EXERCISE GOAL.
Please retype exactly the lines from the one containing "发件人可以使用媒体查询测试用" through the end of the records, leaving out the pictures.

(Collection entries)
((

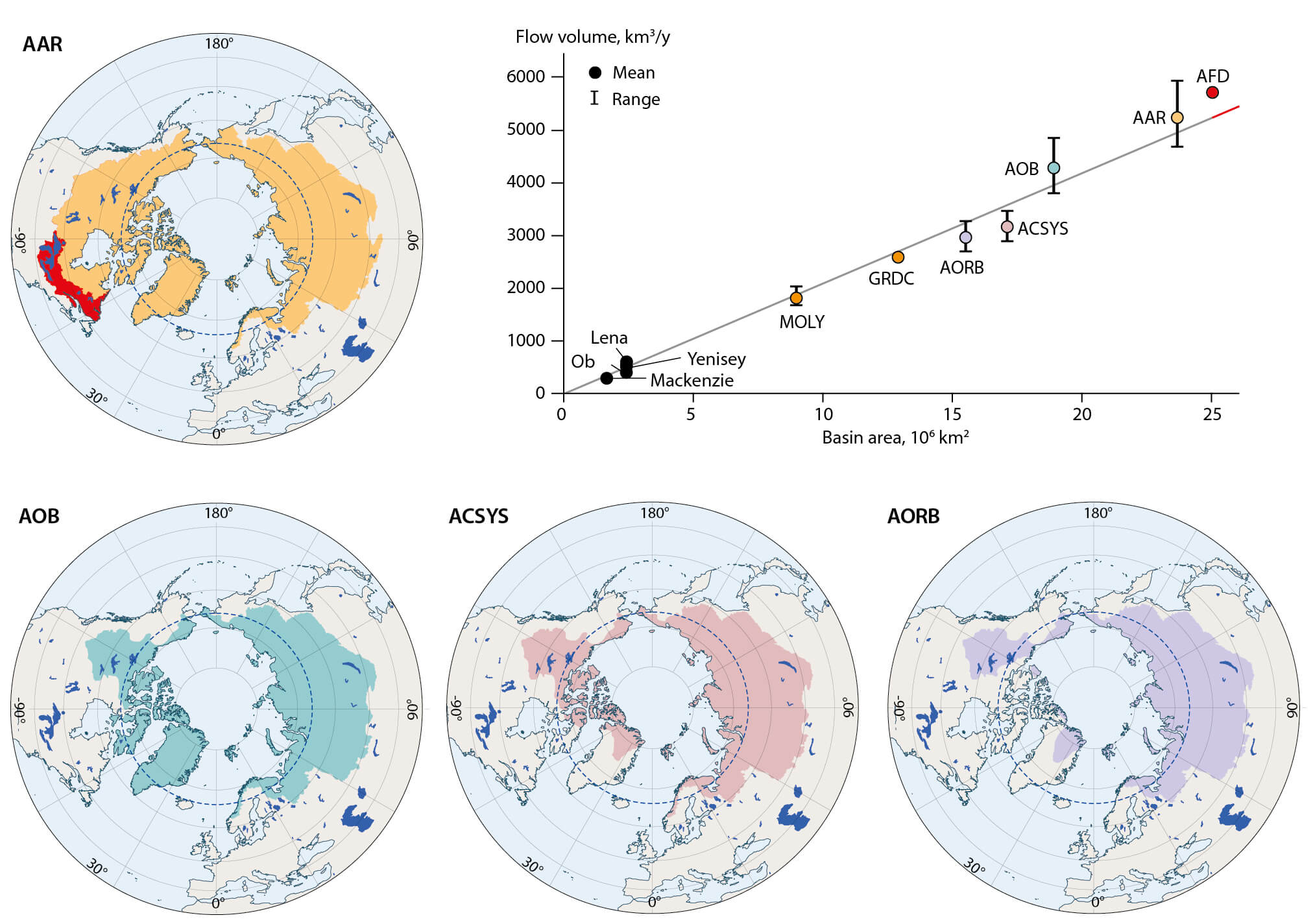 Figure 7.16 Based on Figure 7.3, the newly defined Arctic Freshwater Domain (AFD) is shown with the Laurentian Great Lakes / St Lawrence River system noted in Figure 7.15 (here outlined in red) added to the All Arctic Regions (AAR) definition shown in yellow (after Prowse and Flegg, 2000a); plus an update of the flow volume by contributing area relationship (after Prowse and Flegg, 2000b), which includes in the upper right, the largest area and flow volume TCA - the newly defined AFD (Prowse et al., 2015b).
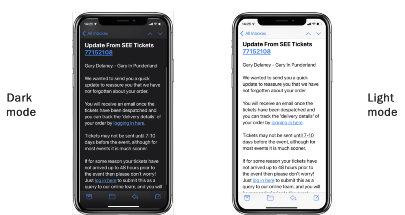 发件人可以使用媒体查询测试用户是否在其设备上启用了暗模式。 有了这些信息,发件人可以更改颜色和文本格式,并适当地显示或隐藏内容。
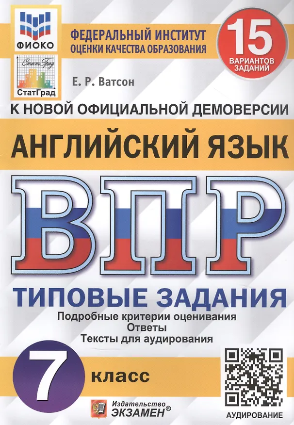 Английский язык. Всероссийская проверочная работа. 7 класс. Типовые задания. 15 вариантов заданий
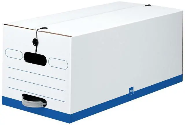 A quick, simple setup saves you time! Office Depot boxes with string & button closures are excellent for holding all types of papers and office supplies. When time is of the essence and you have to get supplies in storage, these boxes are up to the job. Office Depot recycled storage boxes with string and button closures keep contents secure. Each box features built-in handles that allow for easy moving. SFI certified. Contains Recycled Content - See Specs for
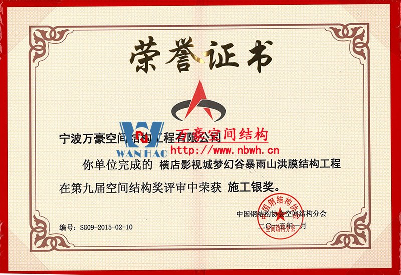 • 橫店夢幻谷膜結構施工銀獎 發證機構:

))

RESULT.
 发件人可以使用媒体查询测试用户是否在其设备上启用了暗模式。 有了这些信息,发件人可以更改颜色和文本格式,并适当地显示或隐藏内容。
 Английский язык. Всероссийская проверочная работа. 7 класс. Типовые задания. 15 вариантов заданий
 A quick, simple setup saves you time! Office Depot boxes with string & button closures are excellent for holding all types of papers and office supplies. When time is of the essence and you have to get supplies in storage, these boxes are up to the job. Office Depot recycled storage boxes with string and button closures keep contents secure. Each box features built-in handles that allow for easy moving. SFI certified. Contains Recycled Content - See Specs for
 • 橫店夢幻谷膜結構施工銀獎 發證機構:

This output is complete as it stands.